REQUIRED ACTION
Work through the data below and copy out every line where "that" is found.

INPUT

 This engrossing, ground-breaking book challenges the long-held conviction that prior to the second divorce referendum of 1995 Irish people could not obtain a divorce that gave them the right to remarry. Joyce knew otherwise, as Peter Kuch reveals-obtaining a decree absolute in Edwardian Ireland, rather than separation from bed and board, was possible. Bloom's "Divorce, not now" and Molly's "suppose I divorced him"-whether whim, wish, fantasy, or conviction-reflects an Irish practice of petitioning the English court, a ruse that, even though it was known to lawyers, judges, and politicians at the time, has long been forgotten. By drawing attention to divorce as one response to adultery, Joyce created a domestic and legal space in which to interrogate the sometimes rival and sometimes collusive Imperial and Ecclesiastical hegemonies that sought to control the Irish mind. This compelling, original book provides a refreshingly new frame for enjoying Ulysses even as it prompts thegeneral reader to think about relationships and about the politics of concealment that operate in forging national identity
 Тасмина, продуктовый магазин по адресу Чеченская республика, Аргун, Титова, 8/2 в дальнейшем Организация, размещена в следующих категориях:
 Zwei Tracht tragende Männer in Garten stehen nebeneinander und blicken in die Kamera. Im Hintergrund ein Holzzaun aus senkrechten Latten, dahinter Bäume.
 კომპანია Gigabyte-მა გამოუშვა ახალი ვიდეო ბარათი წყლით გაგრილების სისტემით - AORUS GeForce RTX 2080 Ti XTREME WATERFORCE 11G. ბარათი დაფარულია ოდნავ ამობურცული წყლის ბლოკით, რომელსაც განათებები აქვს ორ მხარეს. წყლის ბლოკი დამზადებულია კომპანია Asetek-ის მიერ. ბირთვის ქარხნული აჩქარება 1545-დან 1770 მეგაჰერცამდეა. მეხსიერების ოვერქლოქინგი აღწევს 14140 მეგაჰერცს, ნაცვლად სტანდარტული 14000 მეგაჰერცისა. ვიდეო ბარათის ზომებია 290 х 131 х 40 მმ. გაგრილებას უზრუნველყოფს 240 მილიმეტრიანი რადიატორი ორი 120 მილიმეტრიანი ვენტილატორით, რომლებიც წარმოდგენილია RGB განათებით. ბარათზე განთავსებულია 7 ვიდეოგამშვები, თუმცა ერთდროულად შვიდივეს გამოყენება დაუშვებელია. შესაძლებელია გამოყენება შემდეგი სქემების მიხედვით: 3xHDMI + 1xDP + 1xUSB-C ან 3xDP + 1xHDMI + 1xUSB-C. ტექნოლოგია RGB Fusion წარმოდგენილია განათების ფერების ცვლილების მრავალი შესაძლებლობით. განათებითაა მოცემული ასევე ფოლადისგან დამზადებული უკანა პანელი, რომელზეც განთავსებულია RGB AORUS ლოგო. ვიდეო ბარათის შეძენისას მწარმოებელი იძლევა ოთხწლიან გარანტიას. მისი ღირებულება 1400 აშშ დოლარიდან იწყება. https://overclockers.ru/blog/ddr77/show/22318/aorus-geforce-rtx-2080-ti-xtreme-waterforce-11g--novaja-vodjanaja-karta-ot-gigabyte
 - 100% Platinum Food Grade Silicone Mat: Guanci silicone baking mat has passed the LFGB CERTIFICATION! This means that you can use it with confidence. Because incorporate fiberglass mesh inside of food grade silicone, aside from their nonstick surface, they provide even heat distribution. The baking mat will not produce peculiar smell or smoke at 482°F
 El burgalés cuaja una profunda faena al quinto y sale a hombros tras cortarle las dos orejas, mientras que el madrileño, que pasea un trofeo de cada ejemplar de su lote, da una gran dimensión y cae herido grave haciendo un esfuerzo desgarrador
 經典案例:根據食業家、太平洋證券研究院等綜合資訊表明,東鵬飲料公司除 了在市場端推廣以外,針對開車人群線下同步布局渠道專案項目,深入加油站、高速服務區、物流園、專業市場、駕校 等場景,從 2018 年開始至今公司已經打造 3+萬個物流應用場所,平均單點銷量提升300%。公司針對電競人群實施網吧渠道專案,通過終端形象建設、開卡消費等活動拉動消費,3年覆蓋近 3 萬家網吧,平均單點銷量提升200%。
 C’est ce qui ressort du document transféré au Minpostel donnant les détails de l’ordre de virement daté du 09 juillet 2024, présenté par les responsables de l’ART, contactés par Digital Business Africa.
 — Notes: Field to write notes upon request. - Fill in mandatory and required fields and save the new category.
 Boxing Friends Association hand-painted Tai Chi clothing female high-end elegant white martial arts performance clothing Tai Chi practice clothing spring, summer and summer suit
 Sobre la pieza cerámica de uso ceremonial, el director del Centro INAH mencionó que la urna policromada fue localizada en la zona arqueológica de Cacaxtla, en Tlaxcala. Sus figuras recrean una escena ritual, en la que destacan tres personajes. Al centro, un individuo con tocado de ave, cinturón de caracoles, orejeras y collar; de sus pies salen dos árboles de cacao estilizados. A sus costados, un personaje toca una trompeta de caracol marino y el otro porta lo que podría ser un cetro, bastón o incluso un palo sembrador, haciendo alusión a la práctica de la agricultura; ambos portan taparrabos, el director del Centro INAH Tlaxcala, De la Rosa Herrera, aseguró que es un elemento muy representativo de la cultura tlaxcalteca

--

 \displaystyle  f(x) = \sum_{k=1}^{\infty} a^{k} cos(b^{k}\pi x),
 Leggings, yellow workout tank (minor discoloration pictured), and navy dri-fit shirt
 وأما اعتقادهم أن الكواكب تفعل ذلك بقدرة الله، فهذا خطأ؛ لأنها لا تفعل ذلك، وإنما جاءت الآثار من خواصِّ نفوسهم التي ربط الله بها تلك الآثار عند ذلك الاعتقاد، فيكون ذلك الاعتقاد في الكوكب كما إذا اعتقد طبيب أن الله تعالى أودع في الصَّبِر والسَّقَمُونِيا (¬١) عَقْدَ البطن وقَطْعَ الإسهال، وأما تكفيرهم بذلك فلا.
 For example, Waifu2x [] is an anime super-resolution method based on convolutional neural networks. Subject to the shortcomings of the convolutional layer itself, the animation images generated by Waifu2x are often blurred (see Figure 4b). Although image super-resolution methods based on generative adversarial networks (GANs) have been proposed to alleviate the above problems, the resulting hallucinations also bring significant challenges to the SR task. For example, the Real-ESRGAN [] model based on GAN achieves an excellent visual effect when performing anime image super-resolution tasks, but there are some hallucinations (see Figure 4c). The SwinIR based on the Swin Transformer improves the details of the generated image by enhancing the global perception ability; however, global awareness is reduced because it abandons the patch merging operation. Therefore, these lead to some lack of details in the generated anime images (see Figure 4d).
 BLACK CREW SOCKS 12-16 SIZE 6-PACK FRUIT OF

---

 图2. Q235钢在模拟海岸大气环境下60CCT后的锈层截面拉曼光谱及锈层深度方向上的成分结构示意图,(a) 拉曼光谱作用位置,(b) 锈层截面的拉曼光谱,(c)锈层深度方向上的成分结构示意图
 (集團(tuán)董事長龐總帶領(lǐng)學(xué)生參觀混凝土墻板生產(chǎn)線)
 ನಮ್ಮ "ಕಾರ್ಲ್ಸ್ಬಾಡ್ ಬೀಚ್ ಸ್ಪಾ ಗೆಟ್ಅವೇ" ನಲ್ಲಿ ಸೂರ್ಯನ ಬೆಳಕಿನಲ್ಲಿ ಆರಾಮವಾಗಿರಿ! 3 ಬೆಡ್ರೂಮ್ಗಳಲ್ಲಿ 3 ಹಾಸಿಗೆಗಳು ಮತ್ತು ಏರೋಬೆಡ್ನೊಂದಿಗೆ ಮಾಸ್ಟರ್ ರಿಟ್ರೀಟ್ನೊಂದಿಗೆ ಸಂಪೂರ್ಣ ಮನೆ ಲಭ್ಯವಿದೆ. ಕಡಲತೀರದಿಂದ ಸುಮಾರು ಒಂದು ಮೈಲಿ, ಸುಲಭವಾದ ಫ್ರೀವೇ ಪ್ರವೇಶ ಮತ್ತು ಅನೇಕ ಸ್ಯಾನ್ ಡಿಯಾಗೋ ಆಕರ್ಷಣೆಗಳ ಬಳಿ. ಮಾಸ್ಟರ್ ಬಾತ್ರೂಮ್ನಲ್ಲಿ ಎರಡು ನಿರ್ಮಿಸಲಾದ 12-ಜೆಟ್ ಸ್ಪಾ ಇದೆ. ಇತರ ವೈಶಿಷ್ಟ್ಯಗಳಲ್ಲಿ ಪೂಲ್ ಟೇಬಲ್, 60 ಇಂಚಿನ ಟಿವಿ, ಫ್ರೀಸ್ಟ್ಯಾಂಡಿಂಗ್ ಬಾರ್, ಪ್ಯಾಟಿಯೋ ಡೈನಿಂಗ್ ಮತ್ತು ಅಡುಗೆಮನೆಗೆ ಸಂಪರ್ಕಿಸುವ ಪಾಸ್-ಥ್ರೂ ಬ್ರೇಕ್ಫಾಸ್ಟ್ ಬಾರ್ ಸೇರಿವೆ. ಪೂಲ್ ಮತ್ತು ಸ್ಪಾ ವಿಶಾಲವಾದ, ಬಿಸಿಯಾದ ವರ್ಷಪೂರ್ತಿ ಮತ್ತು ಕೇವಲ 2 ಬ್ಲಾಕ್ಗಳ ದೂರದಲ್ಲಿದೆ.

RESULT
 This engrossing, ground-breaking book challenges the long-held conviction that prior to the second divorce referendum of 1995 Irish people could not obtain a divorce that gave them the right to remarry. Joyce knew otherwise, as Peter Kuch reveals-obtaining a decree absolute in Edwardian Ireland, rather than separation from bed and board, was possible. Bloom's "Divorce, not now" and Molly's "suppose I divorced him"-whether whim, wish, fantasy, or conviction-reflects an Irish practice of petitioning the English court, a ruse that, even though it was known to lawyers, judges, and politicians at the time, has long been forgotten. By drawing attention to divorce as one response to adultery, Joyce created a domestic and legal space in which to interrogate the sometimes rival and sometimes collusive Imperial and Ecclesiastical hegemonies that sought to control the Irish mind. This compelling, original book provides a refreshingly new frame for enjoying Ulysses even as it prompts thegeneral reader to think about relationships and about the politics of concealment that operate in forging national identity
 - 100% Platinum Food Grade Silicone Mat: Guanci silicone baking mat has passed the LFGB CERTIFICATION! This means that you can use it with confidence. Because incorporate fiberglass mesh inside of food grade silicone, aside from their nonstick surface, they provide even heat distribution. The baking mat will not produce peculiar smell or smoke at 482°F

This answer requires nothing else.